At that moment another “tired worker” drifted
across to the Bindles’ tent. He was a long, lean
man with a straggling moustache and three days’
growth of beard. He was in his shirt sleeves, collarless,
with unbuttoned waistcoat, and he wore a general air
of despondency and gloom.
“‘Ow goes it, mate?” he enquired.
Bindle straightened himself from inspecting the
interior of the tin-bath which he was unpacking.
“Oh! mid; but I’ve known wot it is to be ‘appier,”
said Bindle, with a grin.
“Same ‘ere,” was the gloomy response.
“Things sort o’ seem to ‘ave gone wrong,” suggested
Bindle conversationally.
“That’s right,” said the man, rubbing the bristles
of his chin with a meditative thumb.
“‘Ow you gettin’ on for grub?” asked Bindle.
The man shook his head lugubriously.
“What about a pub?”
“Mile away,” gloomed the man.
“Gawd Almighty!” Bindle’s exclamation was not
concerned with the man’s remark, but with something
he extracted from the bath. “Well, I’m blowed,” he
muttered.
“‘Ere, Lizzie,” he called out.
Mrs. Bindle appeared at the entrance of the tent.
Bindle held up an elastic-sided boot from which
marmalade fell solemnly and reluctantly.[Pg 175]
Then the flood-gates of Mrs. Bindle’s wrath burst
apart, and she poured down upon Bindle’s head a deluge
of reproach. He and he alone was responsible for all
the disasters that had befallen them. He had done
it on purpose because she wanted a holiday. He
wasn’t a husband, he was a blasphemer, an atheist, a
cumberer of the earth, and all that was evil.

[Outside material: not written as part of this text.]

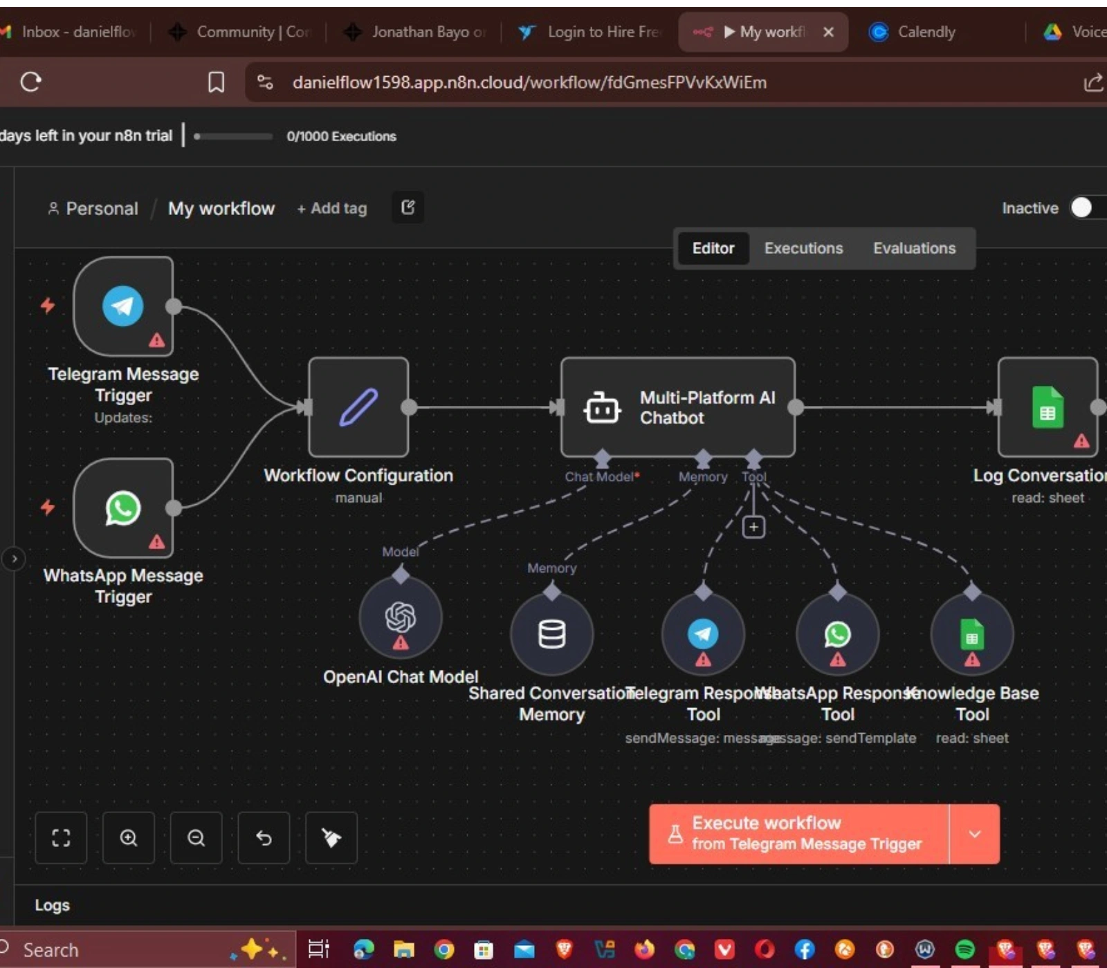 Built a custom AI chatbot and n8n automation that replaced manual replies, captured every lead instantly, and cut admin time by 90%.

She was interrupted in her tirade by the approach of a
little man with a round, bald, shiny head and a worried
expression of countenance.
“D’yer know ‘ow to milk a cow, mate?” he enquired
of Bindle, apparently quite unconscious that he had
precipitated himself into the midst of a domestic
scene.
“Do I know ‘ow to wot?” demanded Bindle,
eyeing the man as if he had asked a most
unusual question.
“There’s a bloomin’ cow over there and nobody
can’t milk ‘er, an’ the bishop’s gone, and we wants
our tea.”
Bindle scratched his head through his cap, then,
turning towards the tent into which Mrs. Bindle had
once more disappeared, he called out:
“Hi, Lizzie, jer know ‘ow to milk a cow?”
“Don’t be beastly,” came the reply from the
tent.
“It ain’t one of them cows,” he called back,
“it’s a milk cow, an’ ‘ere’s a cove wot wants ‘is
tea.”
Mrs. Bindle appeared at the entrance of the tent,
and surveyed the group of three men.[Pg 176]
“How did you manage yesterday?” she demanded
practically.
“A girl come over from the farm, missis,” said
the little man, “and she didn’t ‘arf make it
milk.”
“Hold your tongue,” snapped Mrs. Bindle.
The man gazed at her in surprise.
“Why don’t you get the same girl?” asked Mrs.
Bindle.
“She says she’s too busy. I ‘ad a try myself,”
said the man, “only it was a washout.”
“I’ll ‘ave a look at ‘er,” Bindle announced, and the
three men moved off across the meadow, picking their
way among the tents with their piles of bedding,
blankets, and other impedimenta outside. All were
getting ready for the night.
When Bindle reached Daisy, he found the problem
had been solved by one of Mr. Timkins’ farm-hands,
who was busily at work, watched by an interested
group of campers.
During the next half-hour, Bindle strolled about
among the tents learning many things, foremost
among which was that “the whole ruddy camp was a
washout.” The commissariat had failed badly, and
the nearest drink was a mile away at The Trowel
and Turtle. A great many things were said about the
bishop and the organisers of the camp.
When he returned to the tent, he found Mrs. Bindle
engaged in boiling water in a petrol-tin over a scout-fire.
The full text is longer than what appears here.